Segment Start: Data below

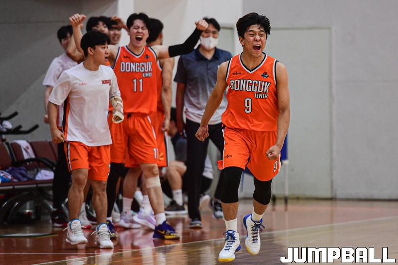 3일 동국대 서울캠퍼스 체육관에서 열린 2022 KUSF 대학농구 U-리그 동국대와 연세대의 경기, 동국대 백승엽이 3점슛을 성공시킨 후 포효하고 있다.
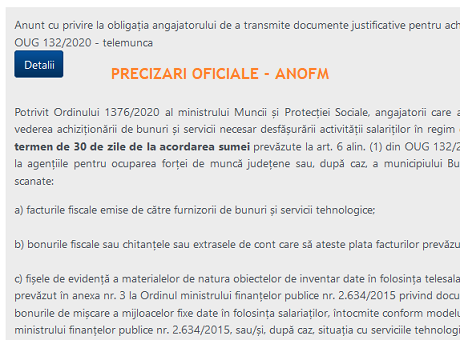 Potrivit Ordinului 1376/2020 al ministrului Muncii și Protecției Sociale, angajatorii care au beneficiat de sprijinul financiar acordat în vederea achiziționării de bunuri și servicii necesar desfășurării activității salariților în regim de telemuncă, au obligația de a transmite, în termen de 30 de zile de la acordarea sumei prevăzute la art. 6 alin. (1) din OUG 132/2020, prin încărcarea pe platforma aici.gov.ro, la agențiile pentru ocuparea forței de muncă județene sau, după caz, a municipiului București, următoarele documente justificative, scanate:
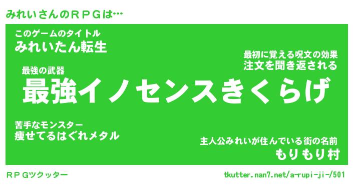 | 男性向けラノベタイトル風あだ名 | 『ミレイアートオンライン』 |
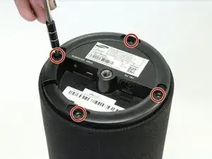 Снимите четыре винта PH1 Phillips (9,5 мм x 1,6 мм) с корпуса портовой части динамика.

Segment End: Data below

Try it
The answer must be the data above, repeated exactly, with no pictures.

Exercise solution
 3일 동국대 서울캠퍼스 체육관에서 열린 2022 KUSF 대학농구 U-리그 동국대와 연세대의 경기, 동국대 백승엽이 3점슛을 성공시킨 후 포효하고 있다.
 Potrivit Ordinului 1376/2020 al ministrului Muncii și Protecției Sociale, angajatorii care au beneficiat de sprijinul financiar acordat în vederea achiziționării de bunuri și servicii necesar desfășurării activității salariților în regim de telemuncă, au obligația de a transmite, în termen de 30 de zile de la acordarea sumei prevăzute la art. 6 alin. (1) din OUG 132/2020, prin încărcarea pe platforma aici.gov.ro, la agențiile pentru ocuparea forței de muncă județene sau, după caz, a municipiului București, următoarele documente justificative, scanate:
 | 男性向けラノベタイトル風あだ名 | 『ミレイアートオンライン』 |
 Снимите четыре винта PH1 Phillips (9,5 мм x 1,6 мм) с корпуса портовой части динамика.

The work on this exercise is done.